**Action item**: Apart from the pictures, the listing is to be returned exactly.

**Input data**:
####################
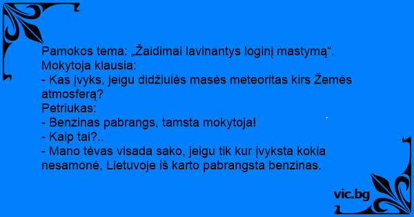 - Benzinas pabrangs, tamsta mokytoja!
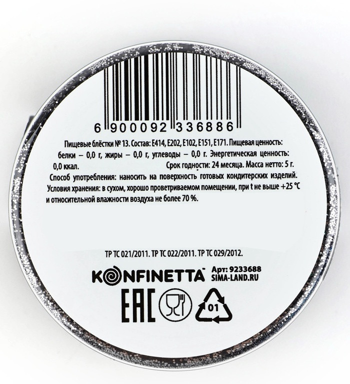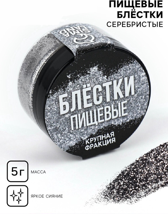 Konfinetta Блестки пищевые крупной фракции для капкейков, тортов и напитков, серебристый
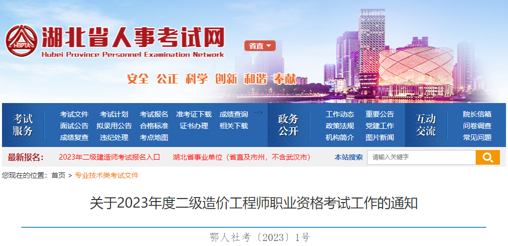 【#造价师考试# 导语】®文档大全网从湖北省人事考试网获悉,2023年湖北二级造价工程师报考工作现已开始,报名时间:3月6日-13日,考试时间:5月27日,更多事宜请参考阅读《考务通知》,官方公告原文如下:
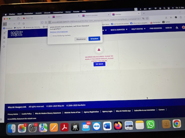 Als ich die Mitteilung bekam, dass ich einchecken könnte, versuchte ich das zu tun, bekam aber immer nur Fehlermeldungen. Auch bei meinem Sohn, den ich um Hilfe bat, kam eine Fehlermeldung. Dann bekam ich von Wizz Air eine E-Mail, mit der mir mitgeteilt wurde, ich solle am Flughafen einchecken. Ich versuchte am Morgen des 3.10. noch einmal einzuchecken – wieder Fehlermeldung.
####################
**Response area**:
 - Benzinas pabrangs, tamsta mokytoja!
 Konfinetta Блестки пищевые крупной фракции для капкейков, тортов и напитков, серебристый
 【#造价师考试# 导语】®文档大全网从湖北省人事考试网获悉,2023年湖北二级造价工程师报考工作现已开始,报名时间:3月6日-13日,考试时间:5月27日,更多事宜请参考阅读《考务通知》,官方公告原文如下:
 Als ich die Mitteilung bekam, dass ich einchecken könnte, versuchte ich das zu tun, bekam aber immer nur Fehlermeldungen. Auch bei meinem Sohn, den ich um Hilfe bat, kam eine Fehlermeldung. Dann bekam ich von Wizz Air eine E-Mail, mit der mir mitgeteilt wurde, ich solle am Flughafen einchecken. Ich versuchte am Morgen des 3.10. noch einmal einzuchecken – wieder Fehlermeldung.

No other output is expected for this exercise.